Global medico-political developments have an underrated effect on local healthcare delivery, he contends, citing the political influence in the US wanting to bar the President’s Emergency Plan for Aids Relief (Pepfar) from partnering with any foreign organisation that lobby for abortion rights or provide abortions, referrals or information about it.
The threat of barring, previously supported by former US president Donald Trump, has re-emerged with threats to knee-halter Pepfar in Congress by voting against its funding unless it disassociates itself from such groups. Doing so would have a huge effect on global service delivery; termination of pregnancy is only one aspect of what many such partner groups do.
Since its creation, Pepfar has enabled the delivery of more than 2.2 million HIV-negative babies with HIV-positive mothers, facilitated prevention through 15.2 million voluntary male circumcisions, reduced HIV infection rates in adolescent girls and young women in the highest HIV-burden communities in 10 African countries by 25% to 40%, delivered care to 6.4 million orphans and other children, trained 250 000 health workers, and contributed to health system strengthening in recipient countries.
In 2017 alone, it provided HIV testing services to 85.5 million people. It is by far the most consequential initiative ever launched against HIV/Aids, with the US having spent more than $70 billion so far.
In a small but significant way, the FPD research project in the Eastern Cape is punching well above its weight by using knowledge gleaned over the years on what works and what does not.
Its STI projects leverage its own infrastructure to conduct sexual health training in clinics, building on the knowledge gained through its research, while insights from the HIV pre-exposure prophylaxis studies help strengthen awareness and service delivery.

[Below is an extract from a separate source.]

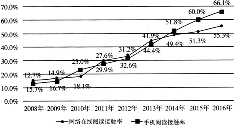 材料一: 1995年联合国教科文组织将每年4月23日确定为“世界读书日”,提 出“让世界上每一个角落的每一个人都能读到书”。2006 年,原国家新闻出版总署在借鉴国际经验基础上,提出“全民阅读”,并会同中宣部等11个部门联合发出《关于开展全民阅读活动的倡议书》。经过不懈努力,我们欣喜地看到,微信“朋友圈”中的读书人多了,报刊媒体上倡导全民阅读的声音响了,各种荐书书目看不过来了,众多民间图书馆、绘本馆、阅读推广公益组织成长起来了,自动借书机、流动借书车、流动图书角和24小时书店在各地出现了……全国国民阅读调查数据显示,我国国民阅读率和阅读量开始持续上升。(摘编自《光明日报》) 材料二: 2017年4月18日上午,中国新闻出版研究院发布《第十四次全国国民阅读调查报告》。进一步对各类数字化阅读载体的接触情况进行分析发现,2016年我国成年国民的网络在线阅读接触率[注]和手机阅读接触率有所上升,其他数字化阅读方式的接触率有所下降。 ![]() 历年网络在线阅读接触率、手机阅读接触率 (摘编自2017年4月《199it》中文互联网数据资讯中心) [注]接触率:一个人或家庭在一特定时间内接触某一媒体的次数。 材料三: 亚马逊中国发布“2017全民阅读报告”。从阅读报告整体来看,全民阅读发展趋势良好,受众的阅读热情不断高涨,阅读内容及形式也越来越多样。调查显示,56%的受访者年度阅读数量超10本,并且85%的受访者同时使用纸、电两种介质进行阅读。电子书作为阅读的重要形式,已经越来越多地被读者接受,而年轻一代更成为了电子阅读的生力军。其中,90后和00后对于电子书的接受程度高于其他各年龄段,纸、电“一起读”成为主流。同时,78%的受访者选择通过社交平台分享阅读有关的内容,与网友“一起读”成为数字阅读时代的独特行为。亚马逊中国的大数据显示,热门影视剧原著依然是畅销书榜的常客,《人民的名义》《三生三世十里桃花》持续畅销,诗词类节目《中国诗词大会》带火诗词类图书。 (摘编自2017年4月《techweb》) 材料四: 古有鱼传尺素,今有图书漂流。而当图书漂流遇到高铁,旅行的你会跟哪一缕书香邂逅?“鱼书计划”旨在推动全民阅读,“鱼书”二字出自中国古代典故“鱼传尺素”。意味着书信的传递。参与图书漂流活动的旅客,可在候车厅的自助式图书漂流点——鱼书漂流站上选取想要阅读的书籍,并通过输入身份证号码或车票信息注册个人信息,扫描图书编码之后,即可将图书借走。此外,读者可以通过扫描漂书上的官方二维码,进入漂书讨论区,与来自不同城市的漂书人一起分享自己的阅读感受,参与实时书评互动,让图书在日常生活中真正漂流起来。 (摘编自2017 年4月《长沙晚报》) 7.下列对材料相关内容的理解,不正确的一项是(3分) A.联合国教科文组织确定“世界读书日”后,我国在借鉴国际经验基础上提出“全民阅读”,并发出《关于开展全民阅读活动的倡议书》。 B.分析各类数字化阅读接触率,我国成年国民的手机阅读接触率最近连续三年超过网络在线阅读接触率,并逐渐拉开距离。 C.数据显示,我国国民手机阅读接触率与网络在线阅读接触率2009年的差距最小,2016年的差距最大。 D.数字阅读时代,年轻人成为电 子阅读的生力军,他们大多愿意通过社交平台分享阅读有关的内容。 8.下列对材料相关内容的概括和分析,正确的两项是(5分) A.只有在国家层面出台鼓励全民阅读的相关政策、措施,才能提高我国国民的阅读率和阅读量。 B.相较于其他数字化阅读方式,我国成年国民的网络在线阅读接触率和手机阅读接触率上升较快。 C.大部分读者同时使用纸、电两种介质进行阅读,并且对电子书的接受程度随年龄段的增大而提升。 D.热门影视剧推动了其原著的畅销,亚马逊中国的大数据显示,热门影视剧原著稳居畅销书榜首。 E.“鱼书计划”使得旅途不再无聊,旅客可按照鱼书漂流站提示借走图书,并与他人分享阅读感受。 9.根据上述材料,概括说明怎样才能有效地推进全民阅读。(4分) 参考答案 7.C 【评分说明】3分 8.B E 【评分说明】5分,答对一项得2分,答对两项得5分。答三项不得分。 9.①国家出台政策,营造良好的阅读氛围;②有关部门开展多样的阅读活动;③读者积极参与阅读活动。 【评分说明】此题4分。答对1点得1分,答对2点得3分,答到3点得4分;意思对即可。

“I’m really enjoying the job,” says Peters.
He found the biggest barrier in the first few months of the job to be staff members’ reluctance when confronted with “the enormity of the STI burden out there”.
“But slowly they’ve realised how much the people out there really need help in a field that’s not always comfortable to work in. You know, if it’s from the waist down, it doesn’t exist,” he said in describing the all-too-common healthcare worker and patient attitudes.
“They initially struggle to work with things like genital ulcers. But they get a lot of appreciation in return — and they find a lot of serious pathology. Slowly they’ve realised that they’re making a big difference. It’s so cool to see staff enjoying working with sexual health,” said Peters.
“I mean, they can be dealing with anything from infectious diseases to cancer, from sexual violence to happy couples that are pregnant. You never know what you’re going to get.”
Peters says the FPD tries to position its research and programme implementation resources at the interface of community development, service delivery and systems strengthening.
As his team so well knows from making a huge difference in a single patient’s life, just telling the Foundation for Professional Development’s story will hopefully put them more firmly on the radar, to the benefit of all in the Eastern Cape’s struggling healthcare sector.